_Work instructions_: Your answer should be the full data, transcribed exactly, with no pictures in it.
═════ Recorded information ═════
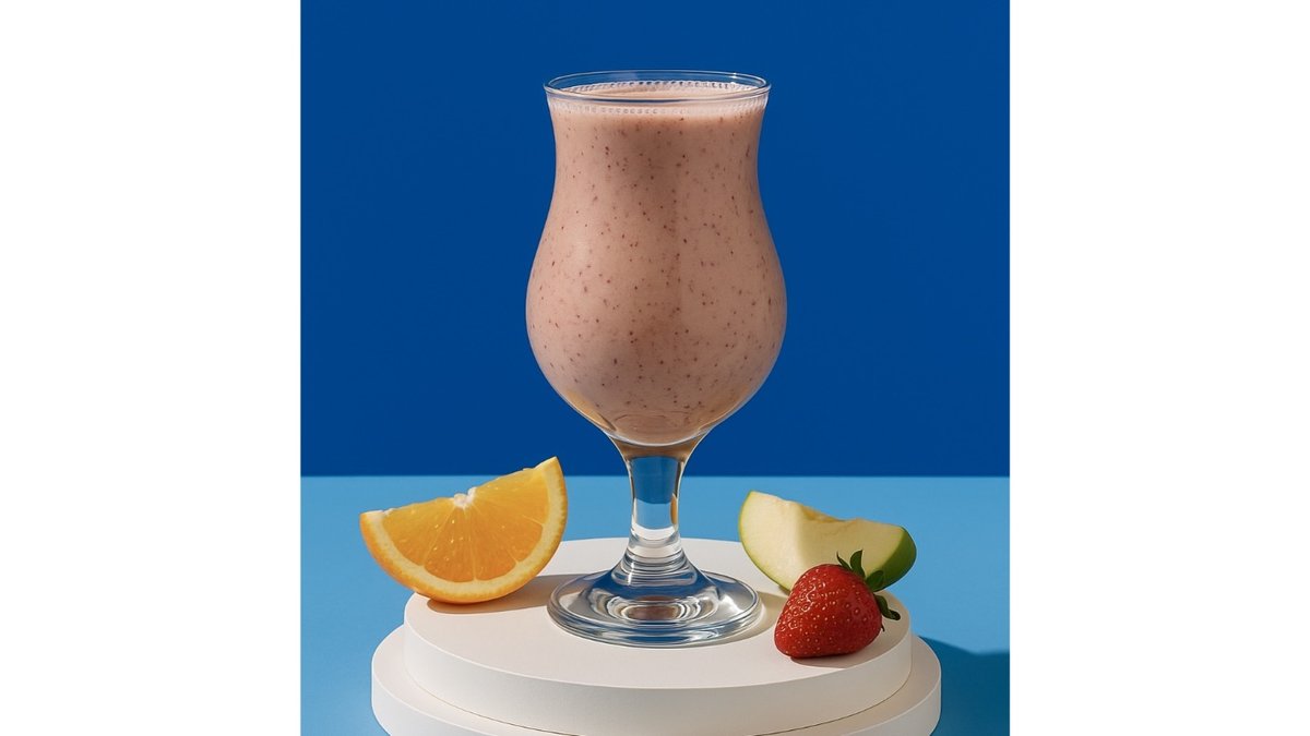 Apple, orange, strawberry, apple syrup, strawberry syrup, orange syrup, milk.
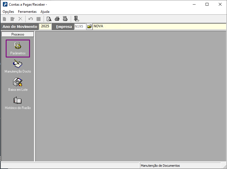 5- Acesse: Fiscal > Documentos Entradas e Saídas > Contas a Pagar/Receber > Guia Parâmetros.
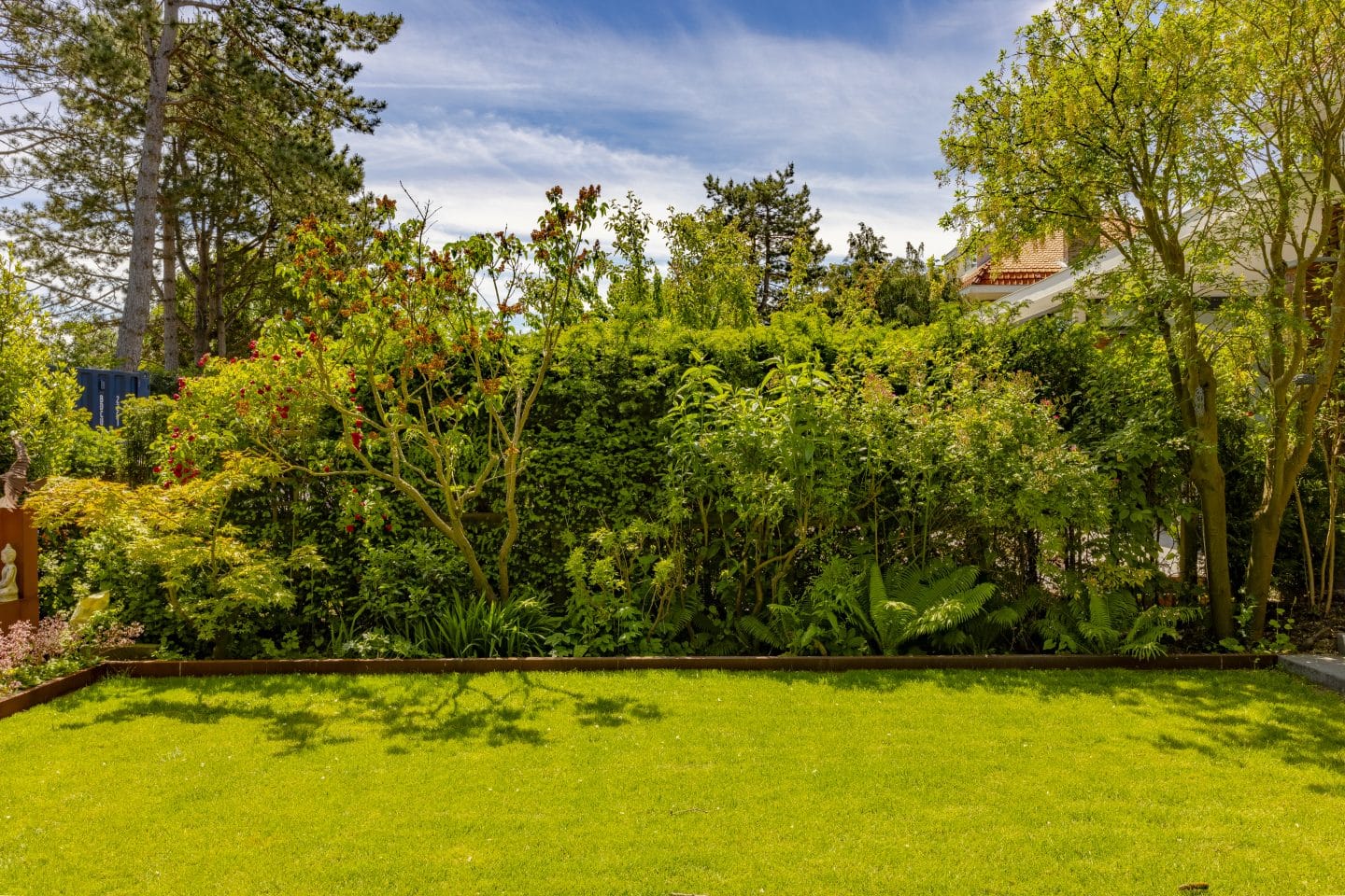 Met name op de erfgrens lieten we veel beplanting staan, zodat het daar mooi dicht bleef. Ook de rest van de beplanting is bijna volledig hergebruikt, waardoor de tuin direct een volwassen uiterlijk heeft gekregen.
═════
_Answer to this exercise_:
 Apple, orange, strawberry, apple syrup, strawberry syrup, orange syrup, milk.
 5- Acesse: Fiscal > Documentos Entradas e Saídas > Contas a Pagar/Receber > Guia Parâmetros.
 Met name op de erfgrens lieten we veel beplanting staan, zodat het daar mooi dicht bleef. Ook de rest van de beplanting is bijna volledig hergebruikt, waardoor de tuin direct een volwassen uiterlijk heeft gekregen.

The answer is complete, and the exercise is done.